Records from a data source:

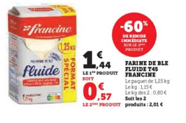 Offre de Farine De Ble Fluide T45 Francine chez Hyper U
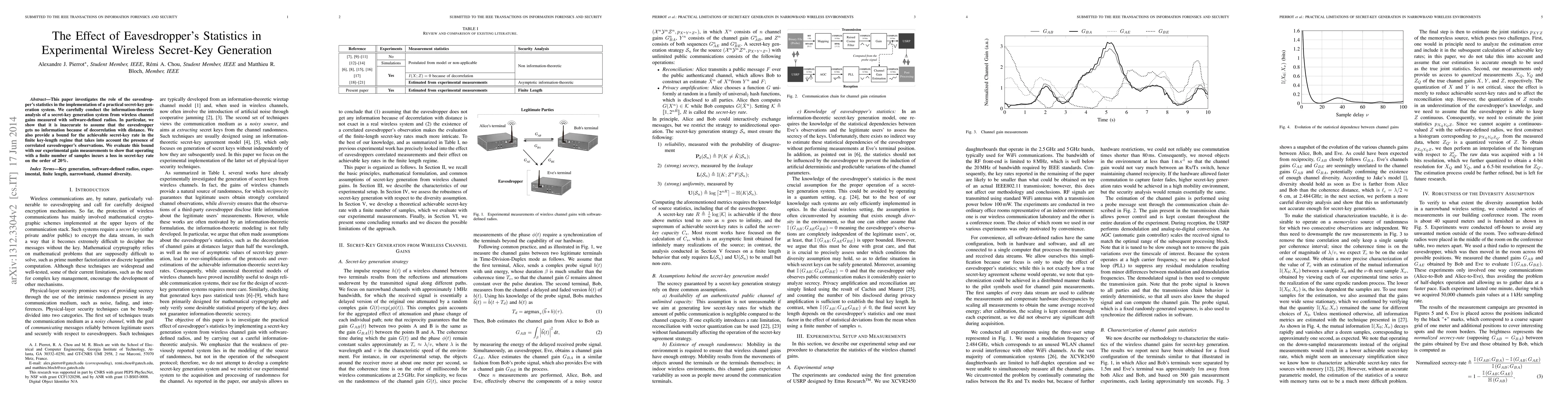 This paper investigates the role of the eavesdropper's statistics in the implementation of a practical secret-key generation system. We carefully conduct the information-theoretic analysis of a secret-key generation system from wireless channel gains measured with software-defined radios. In particular, we show that it is inaccurate to assume that the eavesdropper gets no information because of decorrelation with distance. We also provide a bound for the achievable secret-key rate in the finite key-length regime that takes into account the presence of correlated eavesdropper's observations. We evaluate this bound with our experimental gain measurements to show that operating with a finite number of samples incurs a loss in secret-key rate on the order of 20%.
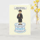 A simple illustration of a young woman wearing a graduation outfit as she stands on top of a giant cake. The lady is saying 'Happy Birthday on Graduation Day'. The image is set against a lemon colored background.
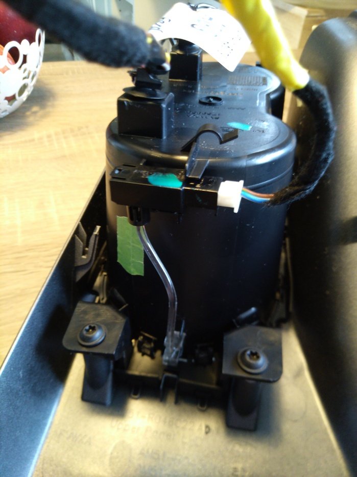 Přikládám z podhledu, konektor je přilepený k polstrování, tedy až se oderve ta jejich páska.
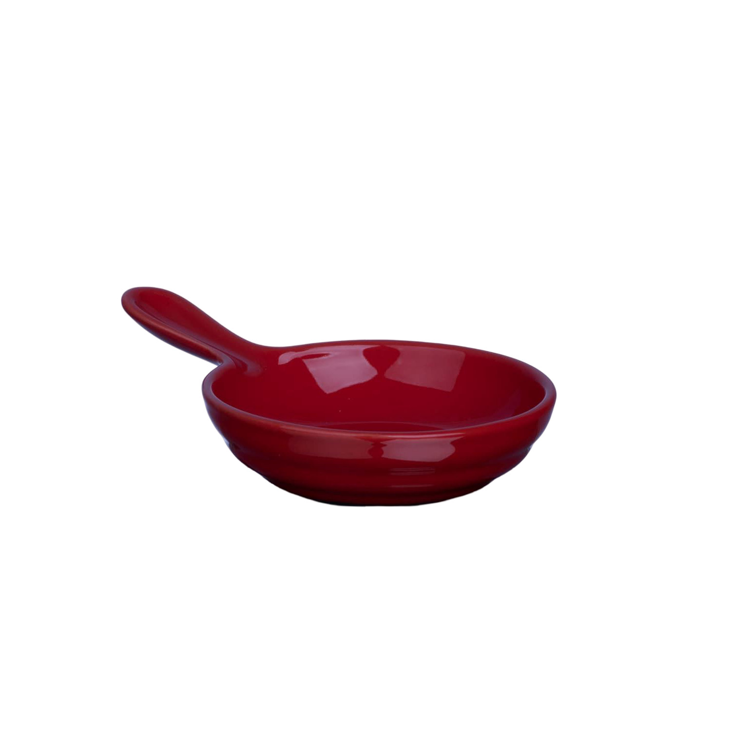 Сковорода с ручкой красная D=107 мм, 120 мл мм, для подачи закусок, сохраняя элегантность и удобство использования. Прочность и надёжность обеспечивают долговечность даже при активном использовании. Сочетание удобства и эстетики делает его незаменимым элементом стола.
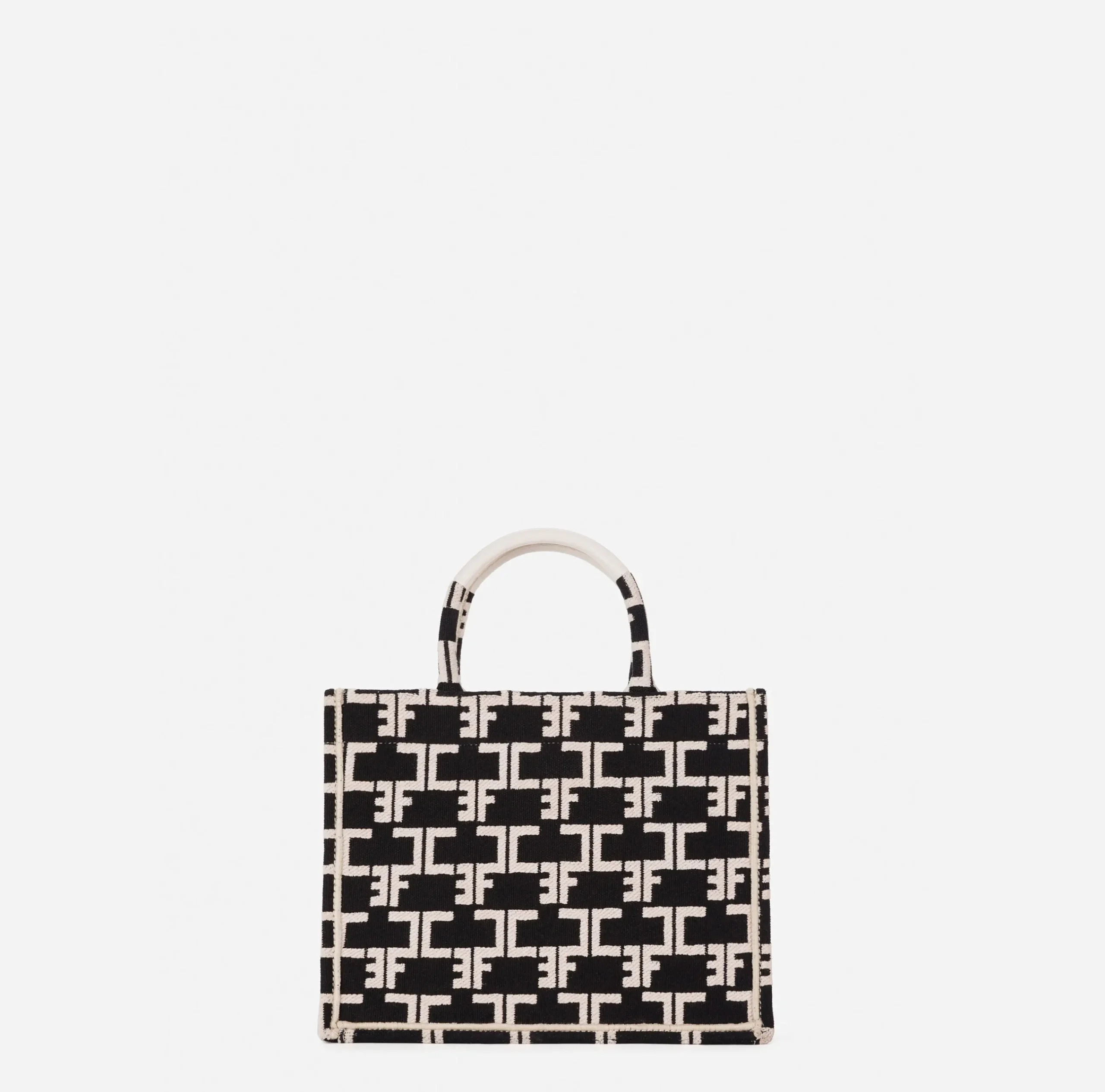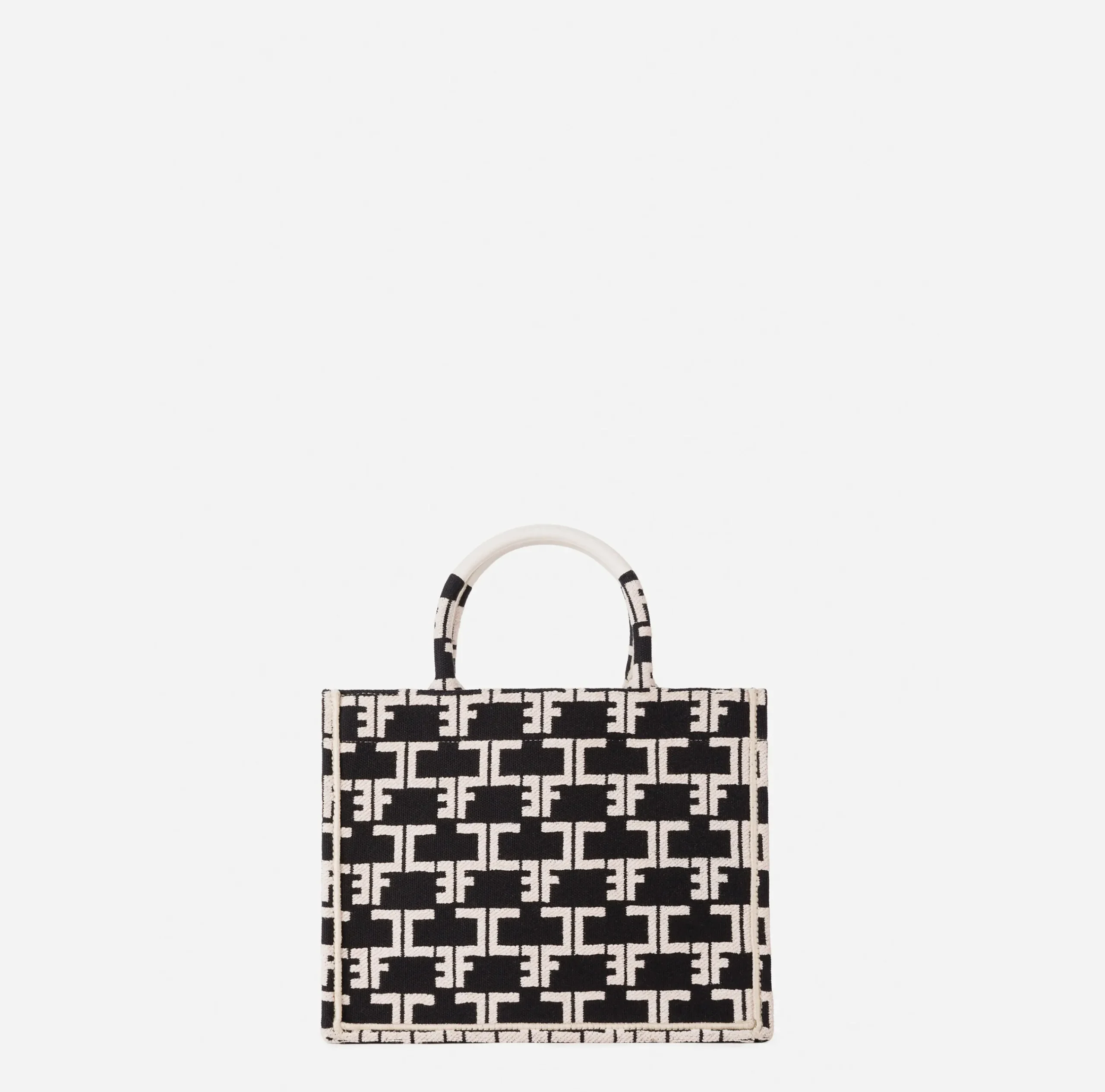 Borse A Mano|Elisabetta Franchi Monogram Tote Small Nero/Burro

What you will do:
Could you transcribe exactly the lines from the start of the records through the line containing "Přikládám z podhledu, konektor", both ends included, leaving the pictures out?

Task result:
 Offre de Farine De Ble Fluide T45 Francine chez Hyper U
 This paper investigates the role of the eavesdropper's statistics in the implementation of a practical secret-key generation system. We carefully conduct the information-theoretic analysis of a secret-key generation system from wireless channel gains measured with software-defined radios. In particular, we show that it is inaccurate to assume that the eavesdropper gets no information because of decorrelation with distance. We also provide a bound for the achievable secret-key rate in the finite key-length regime that takes into account the presence of correlated eavesdropper's observations. We evaluate this bound with our experimental gain measurements to show that operating with a finite number of samples incurs a loss in secret-key rate on the order of 20%.
 A simple illustration of a young woman wearing a graduation outfit as she stands on top of a giant cake. The lady is saying 'Happy Birthday on Graduation Day'. The image is set against a lemon colored background.
 Přikládám z podhledu, konektor je přilepený k polstrování, tedy až se oderve ta jejich páska.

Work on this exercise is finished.